* EXERCISE
Leaving the pictures out, print the lines from the first line of the listing through the line containing "Alice Shackelford Coordinadora", exactly as they read, and no others.

* MATERIAL FOR THE TASK
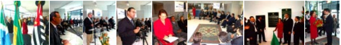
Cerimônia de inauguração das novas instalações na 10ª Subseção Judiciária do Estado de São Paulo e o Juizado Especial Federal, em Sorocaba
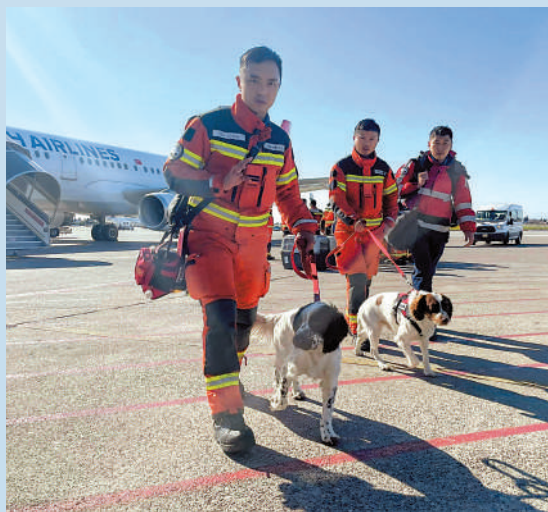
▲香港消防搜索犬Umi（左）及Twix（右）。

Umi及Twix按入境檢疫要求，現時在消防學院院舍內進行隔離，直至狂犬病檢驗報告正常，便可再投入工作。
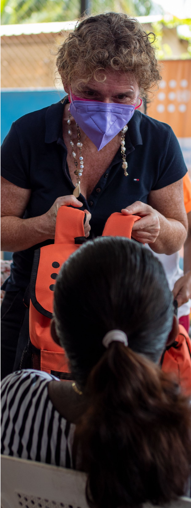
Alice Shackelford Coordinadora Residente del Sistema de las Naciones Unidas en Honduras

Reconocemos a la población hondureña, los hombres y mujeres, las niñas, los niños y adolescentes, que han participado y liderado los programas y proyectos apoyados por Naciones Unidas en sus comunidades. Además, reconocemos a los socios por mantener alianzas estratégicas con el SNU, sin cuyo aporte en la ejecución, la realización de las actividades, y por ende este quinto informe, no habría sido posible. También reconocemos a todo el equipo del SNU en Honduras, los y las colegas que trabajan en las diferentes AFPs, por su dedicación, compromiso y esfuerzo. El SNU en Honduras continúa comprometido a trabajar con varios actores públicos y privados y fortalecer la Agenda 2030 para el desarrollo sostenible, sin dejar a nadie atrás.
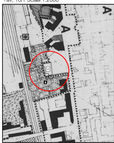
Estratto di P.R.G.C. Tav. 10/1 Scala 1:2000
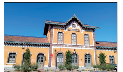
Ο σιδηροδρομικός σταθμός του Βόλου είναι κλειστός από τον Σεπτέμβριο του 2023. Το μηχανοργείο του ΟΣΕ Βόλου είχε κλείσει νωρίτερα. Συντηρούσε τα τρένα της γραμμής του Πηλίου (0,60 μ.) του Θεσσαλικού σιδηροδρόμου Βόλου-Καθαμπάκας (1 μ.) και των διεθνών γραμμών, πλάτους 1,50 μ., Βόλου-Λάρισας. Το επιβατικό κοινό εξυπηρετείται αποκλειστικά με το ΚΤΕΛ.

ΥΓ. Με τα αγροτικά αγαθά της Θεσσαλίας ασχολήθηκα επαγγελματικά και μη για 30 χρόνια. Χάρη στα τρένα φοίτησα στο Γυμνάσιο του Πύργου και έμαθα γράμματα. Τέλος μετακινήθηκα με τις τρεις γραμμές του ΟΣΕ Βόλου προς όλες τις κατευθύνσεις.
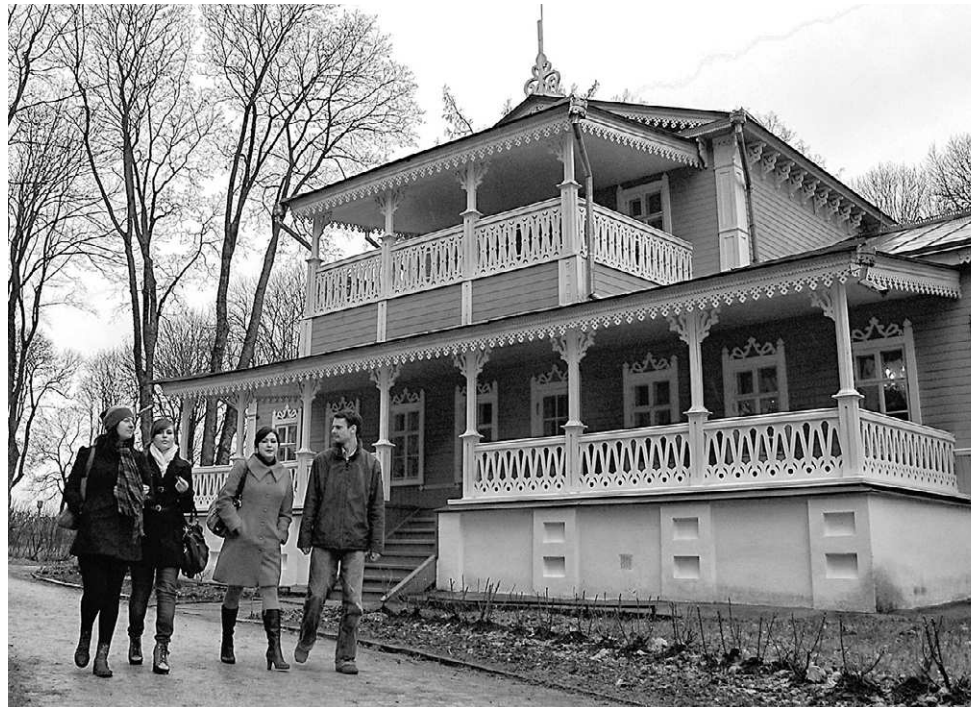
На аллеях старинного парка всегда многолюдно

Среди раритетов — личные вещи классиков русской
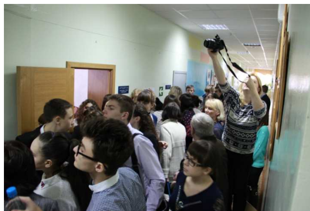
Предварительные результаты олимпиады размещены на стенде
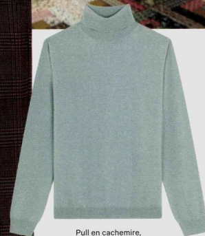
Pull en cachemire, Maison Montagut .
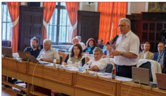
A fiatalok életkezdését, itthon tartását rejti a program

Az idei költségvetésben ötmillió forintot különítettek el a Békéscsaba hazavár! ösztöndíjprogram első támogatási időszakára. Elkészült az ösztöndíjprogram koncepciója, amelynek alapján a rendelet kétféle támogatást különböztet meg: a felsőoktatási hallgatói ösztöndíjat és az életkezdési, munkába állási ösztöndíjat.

* YOUR RESPONSE
Cerimônia de inauguração das novas instalações na 10ª Subseção Judiciária do Estado de São Paulo e o Juizado Especial Federal, em Sorocaba
▲香港消防搜索犬Umi（左）及Twix（右）。

Umi及Twix按入境檢疫要求，現時在消防學院院舍內進行隔離，直至狂犬病檢驗報告正常，便可再投入工作。
Alice Shackelford Coordinadora Residente del Sistema de las Naciones Unidas en Honduras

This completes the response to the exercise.